L’autre jour, je parlais avec une amie de la vieillesse et de la mort. Elle me disait que ça ne la dérangeait pas de vieillir. Et moi j’affirmais le contraire. Mais ça n’était pas tout à fait exact. Je n’ai pas peur de vieillir, pourtant je trouve la brièveté de la vie humaine consternante. Il me semble que dès que l’on atteint l’âge de comprendre comment il peut être simple d’être heureux, on sent déjà que notre corps est éphémère. En fait, ces deux états son très liés. Le bonheur découle de la conscience aigue de la fin, on n’en sort pas. Voilà pourquoi j’ai dit à cette amie : «J’ai tellement de fun à la vivre cette vie-là, je ne peux pas concevoir qu’elle soit si brève!»
Ce soir. L’odeur du gazon frais coupé, le chant des grenouilles, le soleil qui rosissait le ciel, les petits oiseaux qui chantaient, mon papa souriant sur le tracteur à pelouse; j’avais les larmes aux yeux et j’étais plein de gratitude. J’ai couru sur le terrain pour vérifier que les fleurs vivaces, les petits arbres et les rosiers que j’ai plantés dans les dernières années étaient encore vivants. Je me suis exclamée en voyant que les pivoines étaient déjà en boutons. Je suis allée caresser les fleurs du poirier, j’ai recueilli quelques pétales qui sont tombés dans ma paume. J’ai farfouillé dans la terre pour le plaisir de la sentir entre mes doigts et sous mes ongles. Et je savais que j’écrivais pour ça, pour rendre hommage à tout ça.

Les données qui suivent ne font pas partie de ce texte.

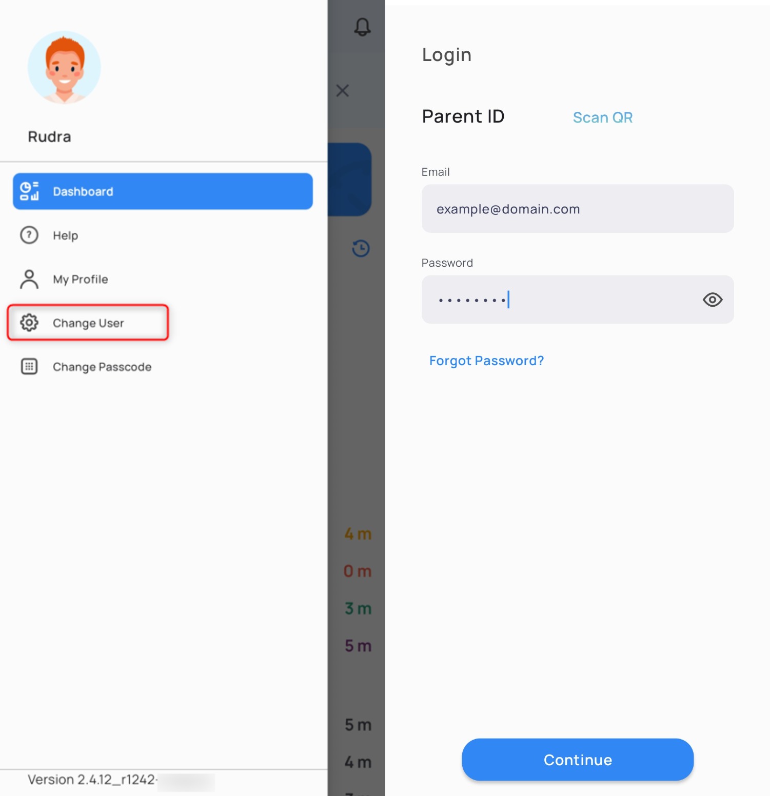 - Tap the Hamburger menu (☰) in the top left corner and select Change User.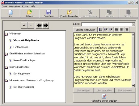 Dies ist ein Programm, mit dem Windows-Hilfedateien (HLP) auf einfache Weise erzeugt werden können. WinHelp Master benötigt dazu den \"Microsoft Help Workshop\", der allerdings in der Installation von WinHelp Master integriert ist. In einem Projekt werden einzelne Hilfeseiten und Kapitel arrangiert und die Inhalte werden erstellt. Die HLP-datei kann als Hilfe für eigene Programme verwendet werden (nach Freischaltung).

Mon voisin tient une liste exhaustive de tous les oiseaux qu’il voit sur le terrain au printemps. Il note à quelle date ils sont arrivés. Chaque jour, il prend sa liste et il coche les oiseaux qu’il observe. Il écrit aussi à quel moment les feuilles des arbres, les plantes, les fleurs du poirier apparaissent. Cela peut sembler vain, mais je crois que ce geste est de la plus haute importance. Mon voisin note l’écoulement du temps et les choses qui changent doucement année après année. Je voudrais écrire un roman comme ça, qui ne ferait qu’énumérer les sortes de plantes et les noms d’oiseaux. Qui dirait que les choses meurent et que c’est pour ça qu’elles sont belles.
Je sais que ce texte peut sembler étrange et très peu engagé dans la période trouble que nous traversons. Mais j’ai la prétention d’affirmer qu’il est aussi engagé que tous les éditoriaux que nous avons vus passer depuis ces 100 jours de grève. Il est engagé comme les poèmes de Pessoa qui se contente d’affirmer qu’une fleur est une fleur. Parce que tout tient dans cette simple phrase. Une fleur est une fleur. Notre humanité consiste à voir cette fleur et à la nommer.
Alors en ces jours à la fois sombres et lumineux, j’aimerais que les êtres humains prennent le temps de s’arrêter et de voir.
Je sais que le monde en ressortirait changé.